Mariée, malmariée, démariée, remariée …mais toujours pas vierge !

Publié le 19 novembre 2008 par Nicolas007bis


Petit retour sur une affaire qui a fait grand bruit, celle de l’annulation d’un mariage par le tribunal de Lille pour cause de non virginité non avouée.

Lundi dernier, la Cour d'appel de Douai a cassé ce jugement "remariant" de fait les deux époux.
Il faut dire que le tollé général qu’a provoqué ce jugement a mis une telle pression qu’il était difficile d’envisager une autre issue à cette histoire.

Dans une belle unanimité, tout ce qui compte en France et en Navarre, de Gauche comme de Droite, a proclamé son indignation, son émoi, sa colère d’autant plus facilement que ce jugement concernait un couple de musulmans et que notre très chère laïcité semblait avoir été bafouée !

Le pilonnage médiatique et les pressions politiques de haut niveau ont eu raison du « scandaleux » jugement !
Il me semble que sur cette histoire les réactions ont été, par un effet d’entrainement tout à fait classique, à la fois démesurées et peu adaptées.
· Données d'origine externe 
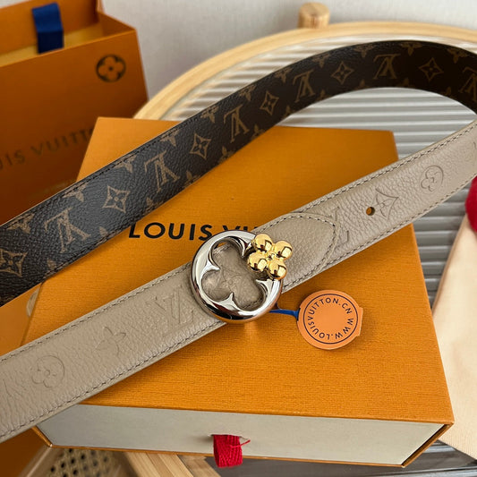 Louis Vuitton Flowergram Round 30mm Reversible Belt Grey Brown Empreinte Calfskin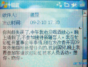 帖中寫道:樓主數(shù)日前拾得手機(jī)一部,經(jīng)查看后發(fā)現(xiàn),機(jī)主為江蘇某市經(jīng)濟(jì)開發(fā)區(qū)一位王姓女局長。該女局長同時(shí)與多位男士長期保持著曖昧關(guān)系。隨帖還貼出了多張手機(jī)中的短信翻拍圖片,清晰可見其曖昧文字內(nèi)容,同時(shí)也可發(fā)現(xiàn)其發(fā)短信的時(shí)間跨越了2006~2009年。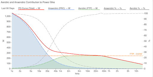 The chart below is taken from Training Peaks Analysis Software WKO5, showing aerobic and anaerobic contribution to power output on a bike over time, plotted against a typical hyperbolic power duration curve.

Dans cette affaire, il faut distinguer 2 aspects qui ont été, à tort me semble t-il, joyeusement amalgamés:

Tout d’abord, le fait qu’un homme estime avoir été trompé par sa femme parce qu’elle ne lui a pas dit qu’elle n’était plus vierge.
On pense ce que l’on veut de cette tradition, que personnellement je trouve parfaitement honteuse pour un tas de raisons qui ont déjà été largement évoquées et sur lesquelles il n’est guère utile de revenir, mais à partir du moment où elle est connue, et donc implicitement admise par les 2 parties, il me semble qu'elle relève d'un contrat moral entre 2 personnes et que la collectivité n’a rien à en dire.

Je n’ai pas entendu toutes ces voix s’élever contre la morale que les « prudes et les puritains » comme Sarah Palin, imposent à leurs enfants et à leur entourage et qu’ils essaient d’imposer à leur pays, qui relève pourtant exactement du même moralisme sectaire !

Combien de traditions, d’origine religieuse ou non, peuvent nous sembler, selon nos propres critères moraux, inacceptables, scandaleux, anachroniques ou révoltants pour ne reprendre que quelques uns des qualificatifs qui ont été utilisés pour juger cette tradition là précisément. Alors pourquoi ce traitement de faveur pour l’exigence de virginité qu’à cet homme vis-à-vis de son épouse ?
Cette pratique n’est ni plus ni moins inacceptable que beaucoup d’autres sur lesquels le politiquement correct nous impose de ne rien dire par « respect des communautés », tolérance, humanisme ou par crainte d’être taxé de raciste, islamophobe ou sectaire !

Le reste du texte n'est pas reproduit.